Edge computing lives at the very core of the SASE model. SD-WAN provides routing intelligence at the branch edge, while cloud security functionality run within the vendor or service provider’s PoP.

However, not all PoPs are created equal. Some vendors are physically building out their PoPs, while others already have an expansive edge presence — Cloudflare and Akamai come to mind — and still others are effectively piggybacking off the public cloud providers.

These are all valid approaches, according to MacDonald, but it does mean customers will need to understand the implications of how each vendor has implemented their PoPs. For example, a globally distributed enterprise might want to avoid a SASE vendor that only has PoPs in the U.S.

“My advice, when I talk to customers is: 'What are your requirements? What locations do you need a local point of presence for low latency connectivity?’ And that may make a difference between the vendors,” MacDonald said. “Ultimately, the difference should come down to: Does it make a difference in price, or SLA, or quality of service?

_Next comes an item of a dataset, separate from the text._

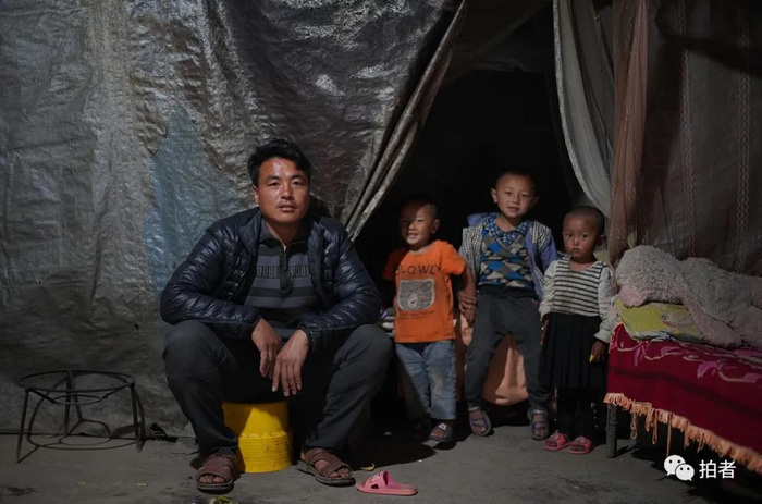 △2016年6月5日,特土社,吉克石三的家在被山体滑坡砸毁后,他们一家就生活在临时搭建的棚子里,一住就是一年多。

And if the vendor meets those expectations and the points of presence map to what you want, then you don't necessarily have to own the points of presence, you can use the hyperscale provider.”

Additionally, MacDonald expects to see SASE tackle multi-edge composite applications, one of the “least developed” areas of SASE today.

MacDonald explained that most SASE implementations aren’t well suited to handle applications that are distributed across multiple clouds.

This problem has spawned a new market with companies like Alkira, Aviatrix, and Prosimo attempting to reduce the complexity of these kinds of deployments.

“We believe SASE has a role to play there, but it's one of the least evolved areas,” he said.

MacDonald expects SASE and multi-cloud to converge as well as multi-edge and/or multi-cloud distributed applications become more prominent. “I don’t think they can evolve separately, although they might initially, just like SD-WAN did years ago,” he said. “But ultimately they should converge.”

Does SASE Need a Sensitive Data Strategy?

Another area ripe for innovation is sensitive data discovery and monitoring.

“In order to correctly protect the session, and route traffic, and apply conditional access, you need to understand the sensitivity of the data or the application that you're accessing,” MacDonald said. “Not all security vendors are good at this.”

He added that some security vendors have a DNA of fighting back and using known bad signatures. That can work, he added, but it’s equally important to be able to classify known good signatures. “You have to do both.”

“I would say this is still an area where organizations need to take a deep dive on the particular vendor they're looking at, and whether [that vendor is] going to satisfy their requirements for the identification, discovery, and protection of sensitive data across the different clouds and across these different applications,” he said.

Navigating an Uncertain Future

Despite SASE’s relative immaturity, Gartner still recommends enterprises begin developing a roadmap for adoption.

In the research group’s 2021 Strategic Road Map for SASE Convergence, analysts made the case for deploying zero trust network access now to augment and eventually replace VPN functionality, as well as begin consolidating networking and security functionality under either a single vendor or “two explicitly partnered vendors.”

Additionally, Gartner recommends choosing vendors that allow control of where the inspection takes place, how traffic is routed, what is logged, and where those logs are stored to meet privacy and compliance requirements across geographies.

Overall, Gartner expects the widespread adoption of SASE to be a multi-year journey, especially for large enterprises where networking and security teams remain segregated. Because of this, the analyst group advises enterprises to limit contract lengths to three years or fewer as they move to adopt new SASE technologies.